Trust in the electoral system has been shaken in recent years, and the Iowa caucuses and Shadow app debacle indubitably leads some voters to think that it could be 2016 all over again. Election officials who shake this off as a one-off due to Iowa’s atypical caucus system may well be unprepared for other types of failures in upcoming primaries and the general election. They should take the following actions:
1 – Audit voting and election management systems. These audits should be done annually and situationally based on risk assessments with quarterly updates on deficiencies and remediation to the most senior electoral officials.
2 — Require federal standards for testing and certification when procuring and making changes to electoral technology. Ensure that election management systems and voting machines are certified to the latest versions of federal standards approved by the U.S. Election Assurance Commission. When standards change, assess whether recertification is required.
3 – Conduct risk assessments periodically and situationally. Changes in election law, technology, threat assessments, and other environmental factors, such as an incident in another state, can change the risks posed to electoral systems; periodic risk assessments, at least annually, should be conducted.

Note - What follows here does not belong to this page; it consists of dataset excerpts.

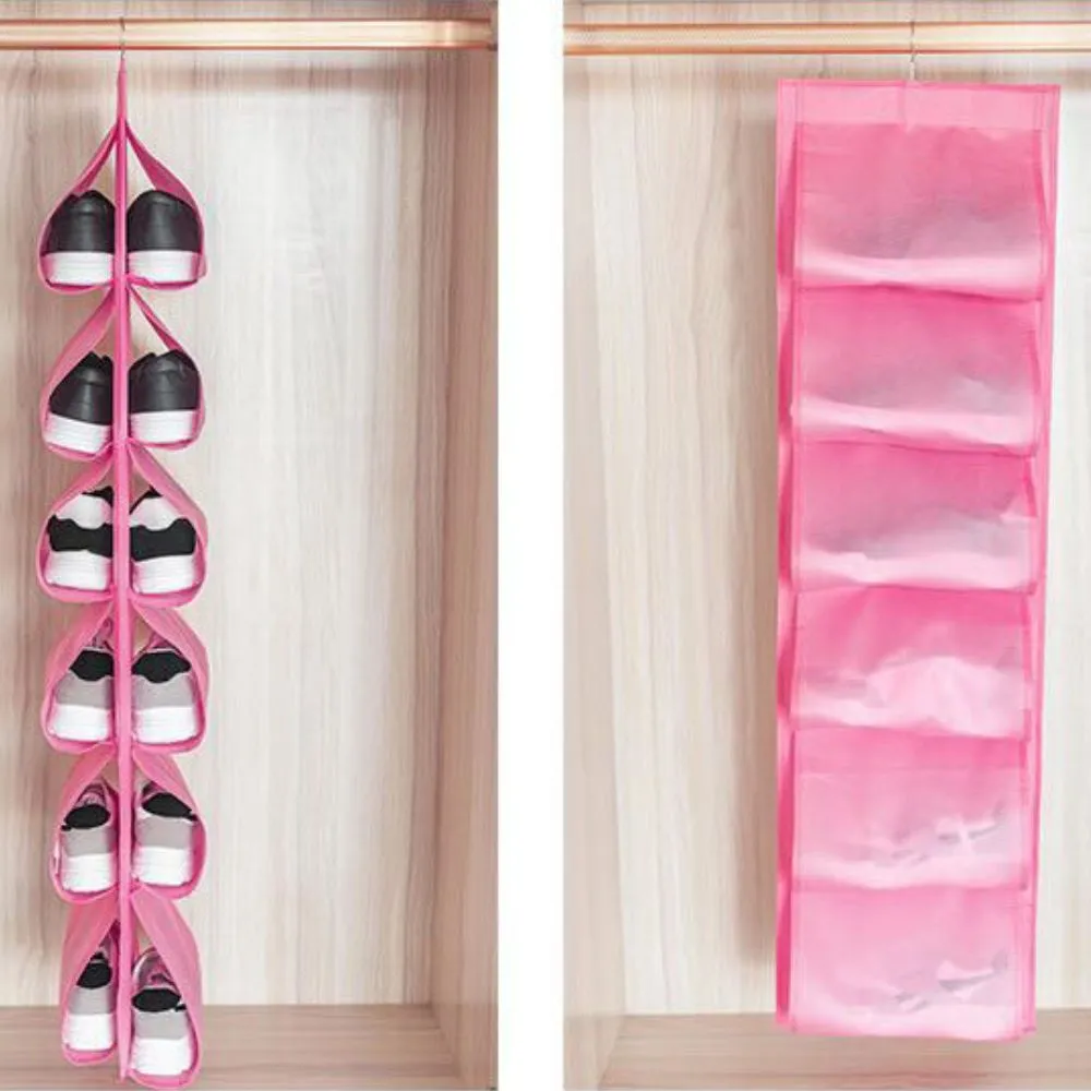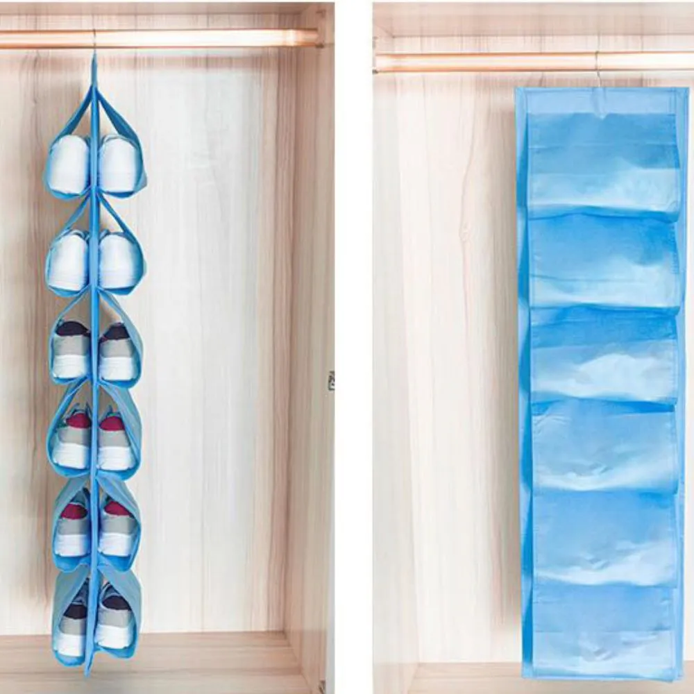 Organizador de zapatos con gancho plegable, Bolsa de almacenamiento plegable con 12 bolsillos, Zapatero colgante, organizador de zapatos, bolsa de almacenamiento de tela con gancho
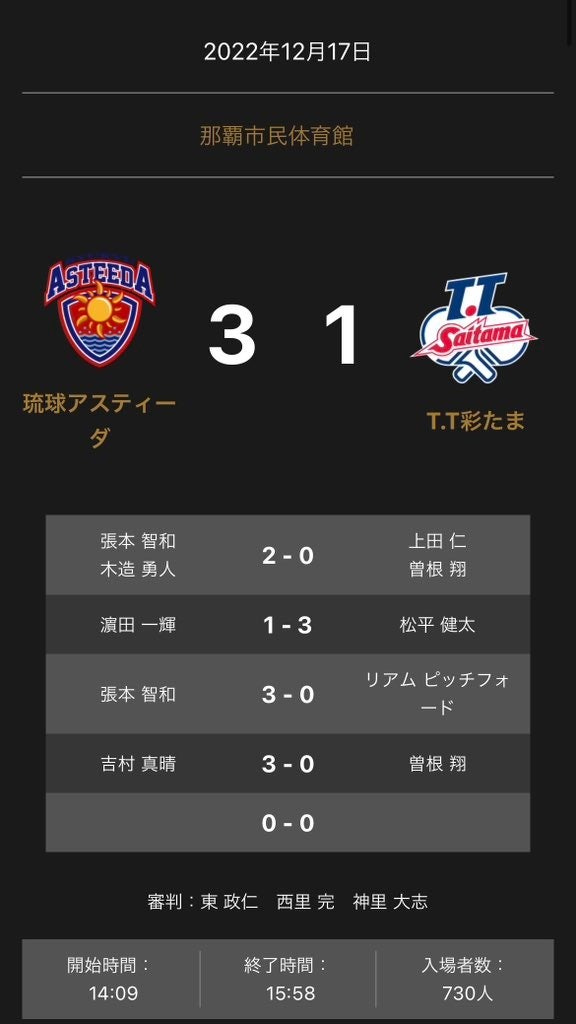 ノジマTリーグ 2022-2023シーズン 公式戦 12月17日開催 琉球アスティーダ vs T.T彩たま 試合結果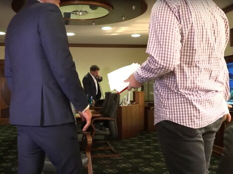После этого сотрудники "Укрэксимбанка" унесли технику СМИ, но не выключили режим записи. Между ними слышен разговор, что надо вытереть все с видеокамеры. После этого камера выключилась.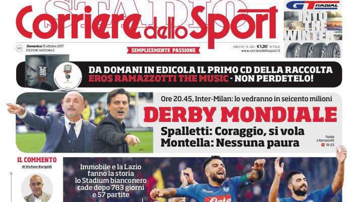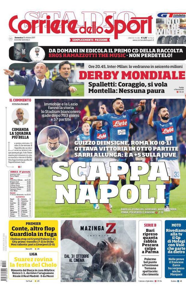 "Scappa Napoli". Il titolo principale del Corriere dello Sport è dedicato alla squadra di Sarri che battendo la Roma all'Olimpico, dopo la sconfitta della Juventus per mano della Lazio allo Juventus Stadium, vola a + 5 dai bianconeri ed è da sola al primo posto della classifica. "Guizzo di Insigne, Roma ko. Ottava vittoria in otto partite. Sarri allunga a più cinque sulla Juventus". Nel taglio alto invece si parla di Inter-Milan: "Derby mondiale, lo vedranno in seicento mln. Spalletti, coraggio si vola. Montella: nessuna paura".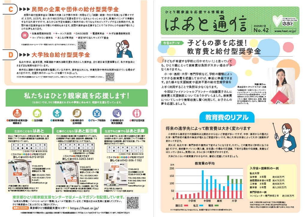 - はあと通信42号「子どもの夢を応援! 教育費と給付型奨学金」(2025年7月発行) (1 MB)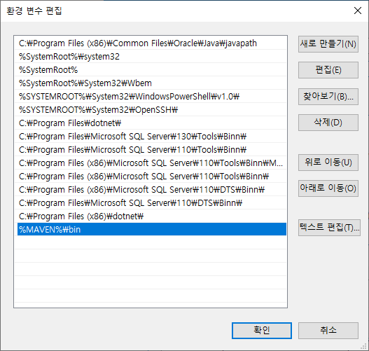 이름은 MAVEN 변수 값은 압축해제 위치를 입력합니다.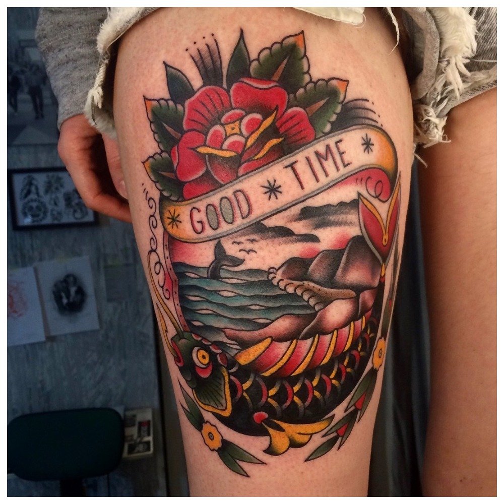 La vieille école ou la "vieille école" du monde du tatouage se distingue par ses couleurs vives et son contour noir épais. Ce style est apparu il y a longtemps, c'est pourquoi il est considéré comme l'un des fondamentaux.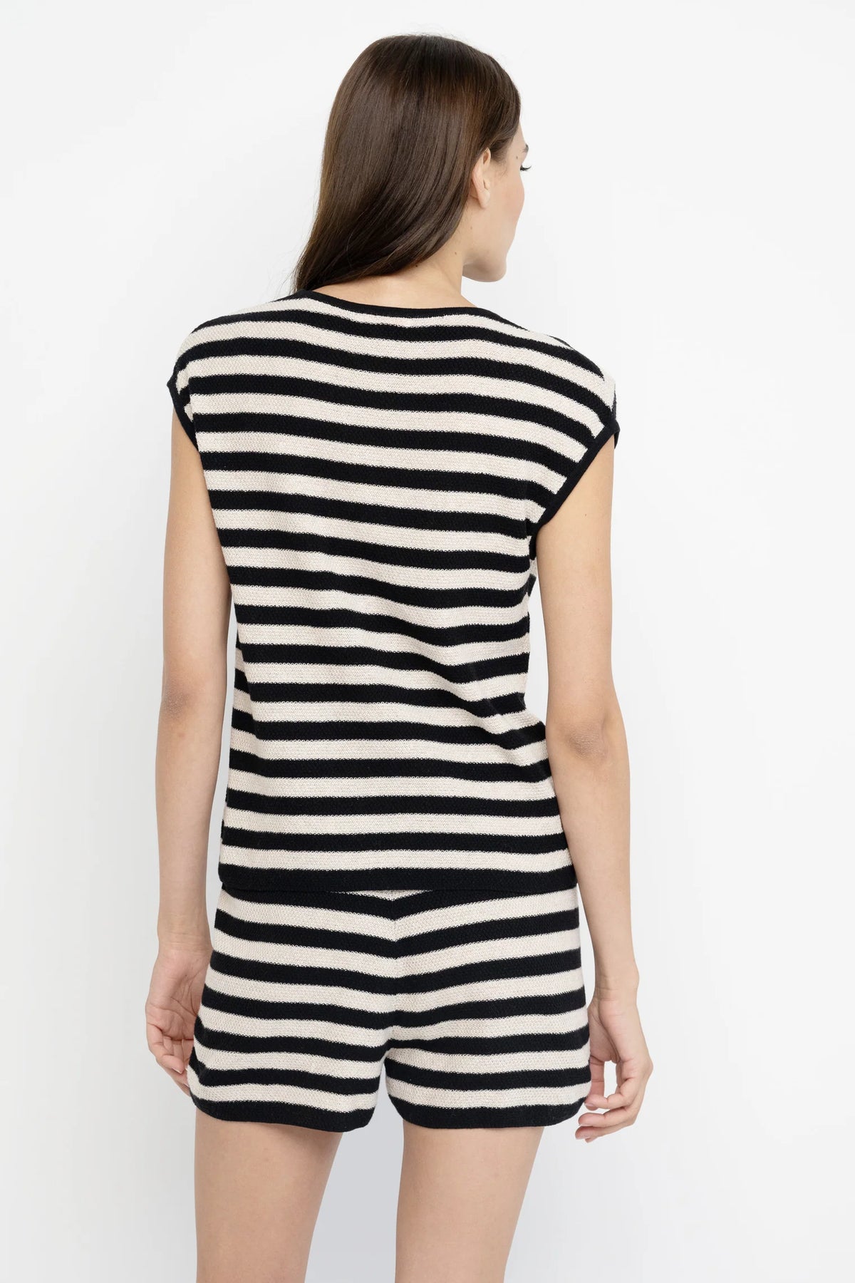 This Lisa Todd Summer Lovin sleeveless knit top has black and tan stripes with a touch of pink embroidery on the hip. Makes the perfect set with the coordinating shorts.

For an event that happens in another local, a situational risk assessment should be conducted. Situational risk assessments also should precede any change, including major personnel and organizational changes, the acquisition, deployment and acquisition of new technology, changes in procedures, regulations and laws, and when there are other changes that impact the people, technology and processes associated with the electoral system.
4 – Conduct risk limiting audits immediately upon tabulating election results and ideally before reporting them. Hand-counting a statistically meaningful sample of results can usually be quickly completed. However, if margins are tight and the sample size needs to be larger, the hand count could impact the timeliness of reporting. An alternative to hand counting would be to run a large sample of paper OCR ballots through exquisitely secured voting machines to validate the counts.
5 – Stress test, retest, and retest again your procedures in the event of an incident. Even an incident that does not materially impact the election results can undermine public confidence in the electoral system. Stress test your procedures; that is, test them with several failure scenarios under peak load. Some of these tests can be what-if heuristic table-top exercises, but some should be physical walk-throughs of plans and procedures with the officials who will need to respond in real life. Precinct volunteers should be trained as well.
6 – Document the electoral system architecture including risks and interdependencies. Taking an enterprise architecture approach to the electoral system supports better decision making on changes and investments. Risks are more easily assessed as well. This may look like too big a task for smaller jurisdictions, but state officials could assist with a reference architecture and other resources.
7 – Prepare for social storms with crisis communications planning. A crisis communications plan must be a part of incident planning and should be tested alongside incident planning. These plans should include consideration of campaign ghost tracking systems and the proliferation of potentially conflicting reports from campaigns. Ensuring that campaigns are aware of incident and communications plans and have designated and trained people as points of contact is critical.